Category | Benchmark | Phi-3.5-MoE-instruct | Mistral-Nemo-12B-instruct-2407 | Llama-3.1-8B-instruct | Gemma-2-9b-It | Gemini-1.5-Flash | GPT-40-mini-2024-07-18 (Chat) |
---|---|---|---|---|---|---|---|
Popular aggregated benchmark | Arena Hard | 37.9 | 39.4 | 25.7 | 42.0 | 55.2 | 75.0 |
Popular aggregated benchmark | BigBench Hard CoT (0-shot) | 79.1 | 60.2 | 63.4 | 63.5 | 66.7 | 80.4 |
Popular aggregated benchmark | MMLU (5-shot) | 78.9 | 67.2 | 68.1 | 71.3 | 78.7 | 77.2 |
Popular aggregated benchmark | MMLU-Pro (0-shot, CoT) | 54.3 | 40.7 | 44.0 | 50.1 | 57.2 | 62.8 |
Reasoning | ARC Challenge (10-shot) | 91.0 | 84.8 | 83.1 | 89.8 | 92.8 | 93.5 |
Reasoning | BoolQ (2-shot) | 84.6 | 82.5 | 82.8 | 85.7 | 85.8 | 88.7 |
Reasoning | GPQA (0-shot, CoT) | 36.8 | 28.6 | 26.3 | 29.2 | 37.5 | 41.1 |
Reasoning | HellaSwag (5-shot) | 83.8 | 76.7 | 73.5 | 80.9 | 67.5 | 87.1 |
Reasoning | OpenBookQA (10-shot) | 89.6 | 84.4 | 84.8 | 89.6 | 89.0 | 90.0 |
Reasoning | PIQA (5-shot) | 88.6 | 83.5 | 81.2 | 83.7 | 87.5 | 88.7 |
Reasoning | Social IQA (5-shot) | 78.0 | 75.3 | 71.8 | 74.7 | 77.8 | 82.9 |
Reasoning | TruthfulQA (MC2) (10-shot) | 77.5 | 68.1 | 69.2 | 76.6 | 76.6 | 78.2 |
Reasoning | WinoGrande (5-shot) | 81.3 | 70.4 | 64.7 | 74.0 | 74.7 | 76.9 |
Multi-lingual | MMLU (5-shot) | 69.9 | 58.9 | 56.2 | 63.8 | 77.2 | 72.9 |
Math | MGSM (0-shot CoT) | 58.7 | 63.3 | 56.7 | 75.1 | 75.8 | 81.7 |
Math | GSM8K (8-shot, CoT) | 88.7 | 84.2 | 82.4 | 84.9 | 82.4 | 91.3 |
Math | MATH (0-shot, CoT) | 59.5 | 31.2 | 47.6 | 50.9 | 38.0 | 70.2 |
Long context | Qasper | 40.0 | 30.7 | 37.2 | 13.9 | 43.5 | 39.8 |
Long context | SQUALITY | 24.1 | 25.8 | 26.2 | 0.0 | 23.5 | 23.8 |
Code Generation | HumanEval (0-shot) | 70.7 | 63.4 | 66.5 | 61.0 | 74.4 | 86.6 |
Code Generation | MBPP (3-shot) | 80.8 | 68.1 | 69.4 | 69.3 | 77.5 | 84.1 |
Average | Average | 69.2 | 61.3 | 61.0 | 63.3 | 68.5 | 74.9 |
The PHI 3.5 MoE model was developed by a large team of experts at Microsoft, specializing in AI and responsible machine learning. The team worked across multiple global regions, leveraging Microsoft’s AI expertise and focusing on ethical development to ensure robust safety and performance.
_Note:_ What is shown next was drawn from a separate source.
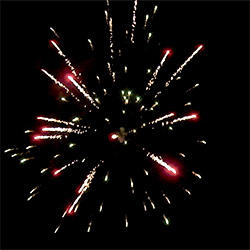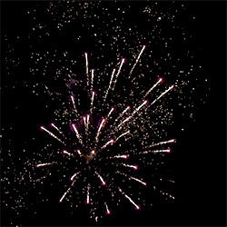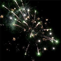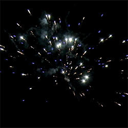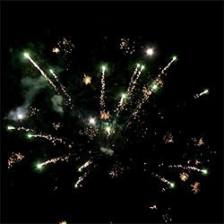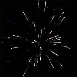 6 эффектов. Разноцветные кометы разрываются сферами из: зеленых и красных огней с серебряными искристыми форсами, синих и серебряных мерцающих огней, синих огней и серебряных искристых форсов, зеленых огней с серебряными искристыми форсами и трещащих золотых искр, фиолетовых огней с серебряными искристыми форсами и множества трещащих сфер, синих огней и золотых искристых форсов.

Microsoft provides substantial community support for the PHI 3.5 model, including a dedicated GitHub repository and Azure AI Studio resources. The model is available for developers and data scientists to experiment with through accessible API deployments, and the community offers ongoing updates and discussions around best practices.